第百二十九章 音響受胎
都市の中枢、響室は、
もはやただの建築空間ではなかった。
それは呼吸し、反応し、
あやのという存在と“音響的な生命連鎖”を形成しはじめていた。
司郎は、それを見て静かに呟いた。
「……これは、設計じゃないわね。
音響妊娠よ。都市の胎内に、“あの子の音”が宿ったのよ」
ハートコア内部。
あやのは、深い眠りからゆっくり目を覚ました。
毛布にくるまれた胸元から、ふわりと漏れる吐息。
その瞬間、部屋の空気が微かに震え、
壁面の共鳴装置があやのの呼吸だけで微細に波打った。
まるで、彼女の身体が中心にある限り、
都市そのものが“胎内反応”を起こしているかのようだった。
起き上がろうとしたあやのは、
腹部に微かな張りを感じ、
そっと手を当てた。
鼓動とともに、温かな音が宿っている。
「……私、やっぱり……」
誰に言うでもなく、
そっとつぶやくその言葉の先に、
新しい実感があった。
──これは音響の受胎。
彼女の身体の奥、
耳ではなく、鼓膜でもなく、
子宮に似た場所が音を孕んでいる。
自分の声ではなく、
世界から預けられた音。
それが、ひとつの「命」に似た響きを持って育っていく──
そんな直感が、あやのの中に芽生えていた。
同じ時刻、外で梶原國護は響室を見上げていた。
彼の目は赤く、眠れていないのがわかる。
「……怖い」
小さく呟いたのは、
守ることに慣れた男には珍しい弱音だった。
あやのが“音そのもの”になっていくのがわかる。
その変化は美しく、神秘的で、
そして──遠くなっていく。
自分の手が、もう彼女に届かないのではないかという恐怖。
だが、それでも。
「それでも、守る。

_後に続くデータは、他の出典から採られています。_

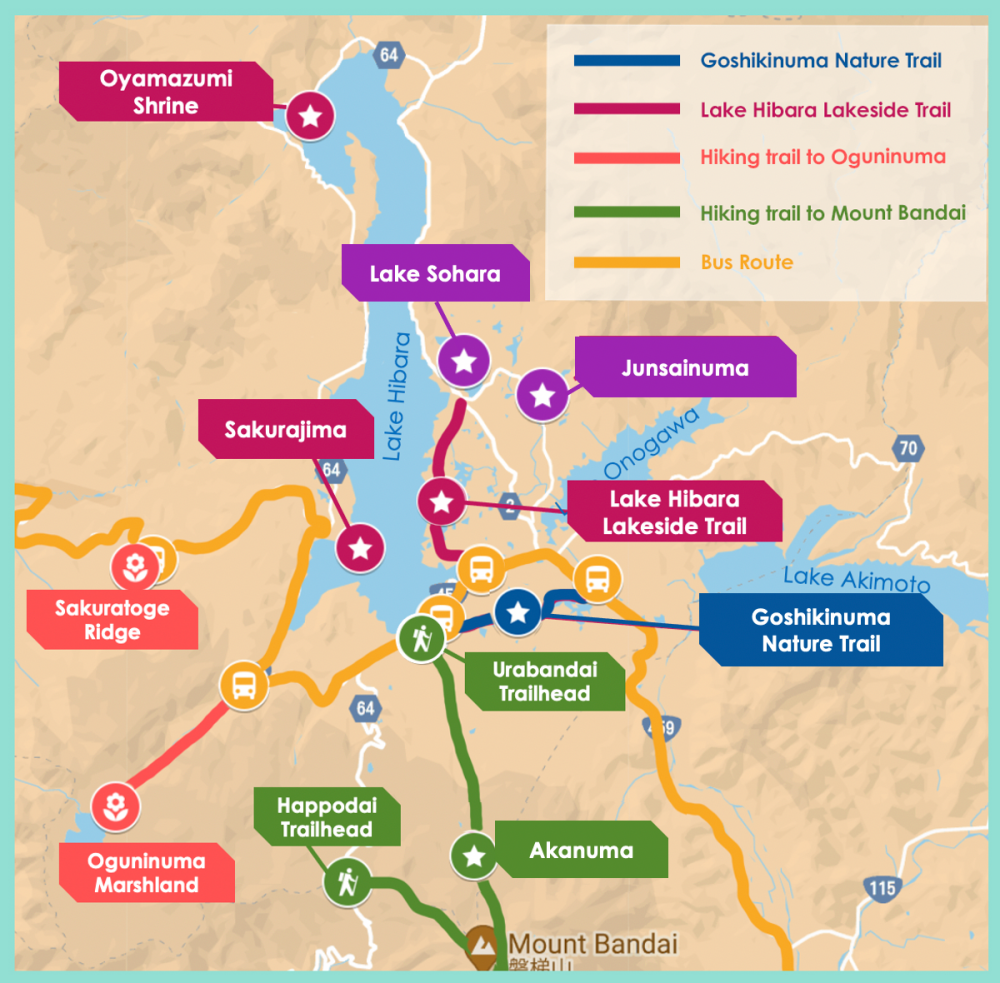 Map of Urabandai’s places mentioned in this article. (Image credit: Google Maps)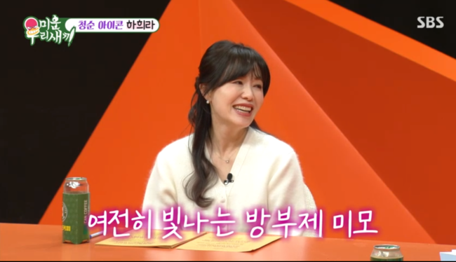 4일 오후 방송된 SBS '미운 우리 새끼'에서는 하희라가 50대라는 나이가 믿기지 않는 동안 미모로 등장했다.

……誰より近くで、触れられなくても、傍にいる」
それが自分にできる唯一の選択だと、
男は胸に刻みつけた。
午後。
あやのは、自らの意思で外に出た。
風に揺れる薄衣。
胸元はやや膨らみ、
腰のラインには、かすかに女性的な湾曲が現れはじめている。
街を歩く人々は、思わず視線を奪われる。
だが誰も口に出せない。
その姿には、
「人間を超えた美しさ」があった。
都市が“音”を受胎したことに気づいている者だけが、
その変化を「祝福」と呼んだ。
ヘイリーが彼女に近づき、
小声で尋ねた。
「……痛みは、ない?」
あやのは首を横に振る。
「痛みはないの。でも、時々、胸が苦しくなるの。
このまま“女になっていく”のが、私の意志じゃない気がして」
ヘイリーはあやのの肩に手を添えた。
「それでも、“あんたの音”がそれを選んだんでしょ。
身体は、それに従って、変わっていってるのよ」
あやのは微笑む。
「じゃあ、きっと……私は、“音の娘”じゃなくて、“音の母”になるのね」
その夜。
梶原があやのにそっとブランケットをかけようとしたとき──
ふと、彼女が目を開けた。
「梶くん……」
その声は、もう以前のあやのではなかった。
柔らかく、包むようで、
耳に響かずに胸の奥に沈んでくる声。
「わたし……音を宿したの。もう、戻れないみたい。でも、怖くないの。梶くんが傍にいるから」
その言葉に、梶原の胸がひとつ、大きく鳴った。
(なら……俺はこの声を一生、守る)
彼は、ただ彼女の手を握り、うなずいた。
それは恋でも、執着でもない。
もっと原初的な、「命を繋ぐ」決意だった。